The troops were returning to the capital when, on July 11, Jaurú and Antônio João, who were towing a total of 6 boats, docked at the port of Alegre. Provision of supplies, mainly meat for soldiers, begins. The works are carried out without any concern, when in the afternoon, 3 Paraguayan vapors appear that were in pursuit of the troop that caused them defeat in Corumbá. At this moment the Paraguayan Salto de Guaíra steam of Commander Romualdo Nuñez rises at a fast speed and begins to approach the Brazilian steam Jaurú.

Immediately, a live firearm of artillery placed in the ravines and an engagement with the National Guard snipers of Lieutenant Colonel Antônio João da Costa begins, achieving initial victory in the approach of Jaurú. Soon the steamboat Antônio João comes under the command of Balduíno de Aguiar, a veteran in the battle of the Fort of Coimbra.

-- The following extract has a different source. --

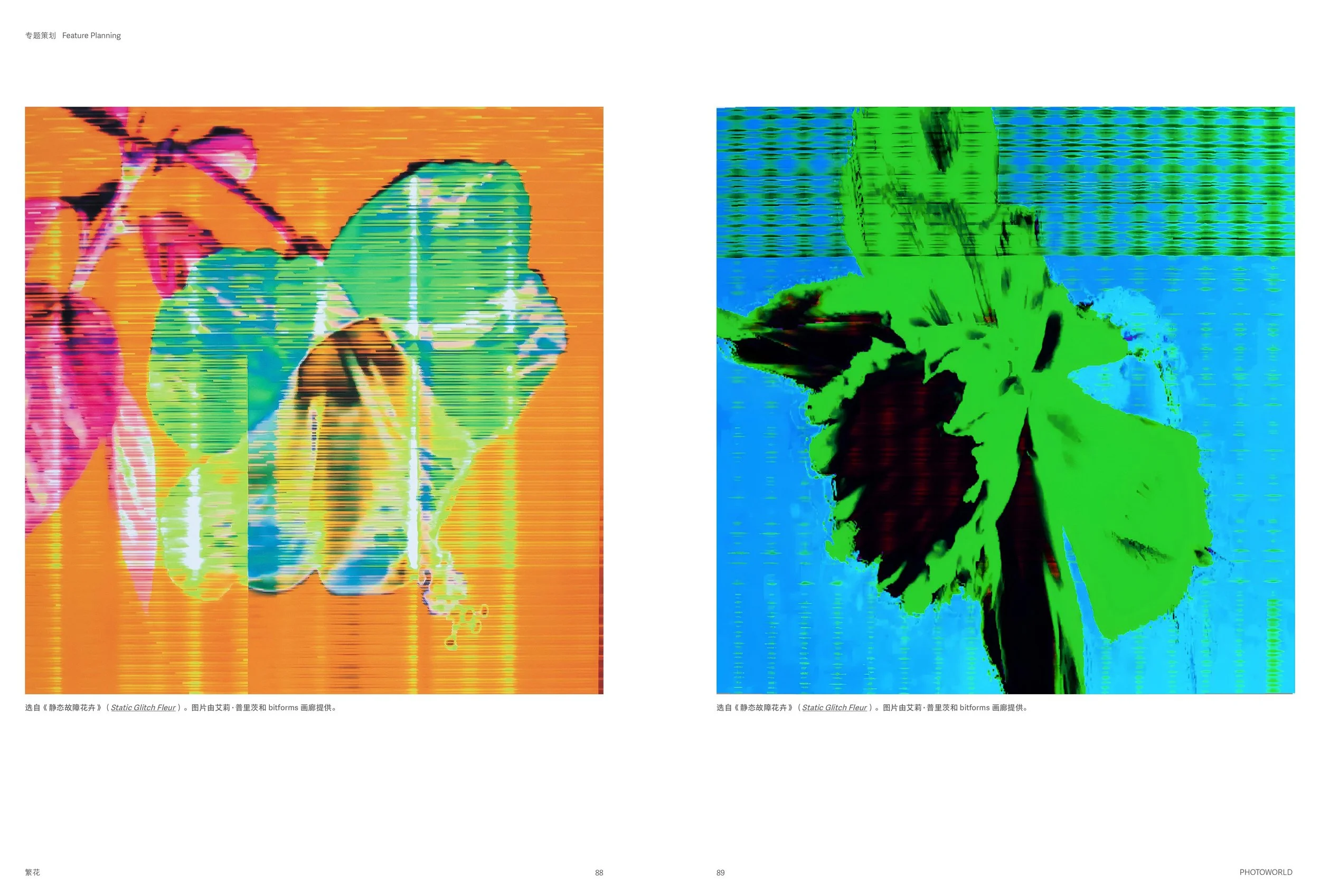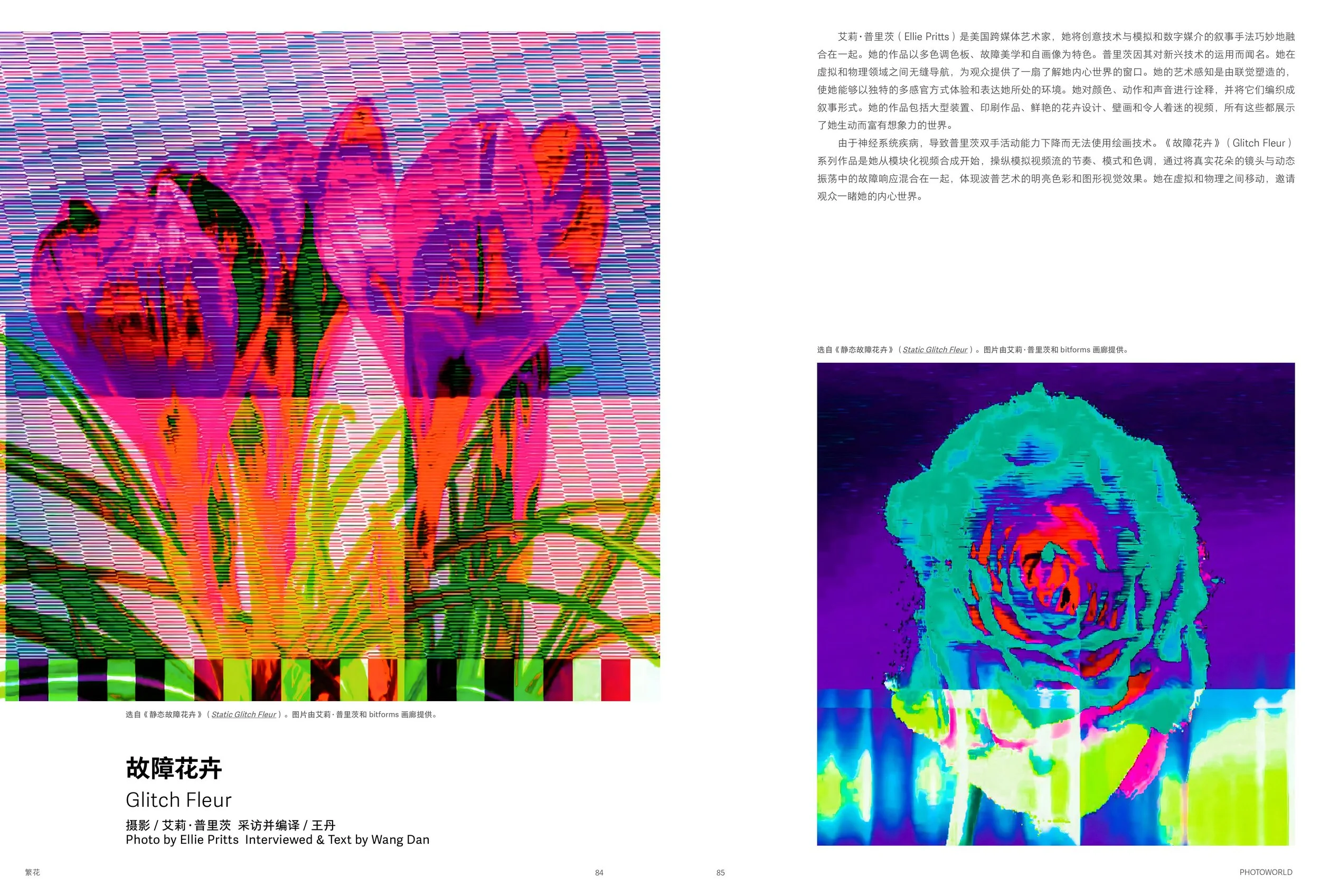 Due to a neurological condition, Pritts' hand movements have become limited, preventing her from using traditional painting techniques. The Glitch Fleur series began with modular video synthesis, where she manipulated the rhythm, patterns, and tones of analog video streams, blending footage of real flowers with glitch responses in dynamic oscillation, embodying the bright colors and graphic visual effects of pop art. She moves between the virtual and physical, inviting the audience to glimpse into her inner world.

Brazilian steam forces the withdrawal of Salto de Guaíra and then approaches Jauru, which at that time was controlled by thirty Paraguayans, and takes the ship back to Brazilians again. The fight ended with the victory of the Brazilians to a balance of 33 dead and injured and a sunk ship.

The Paraguayans did not lose any ship, but suffered many human loses.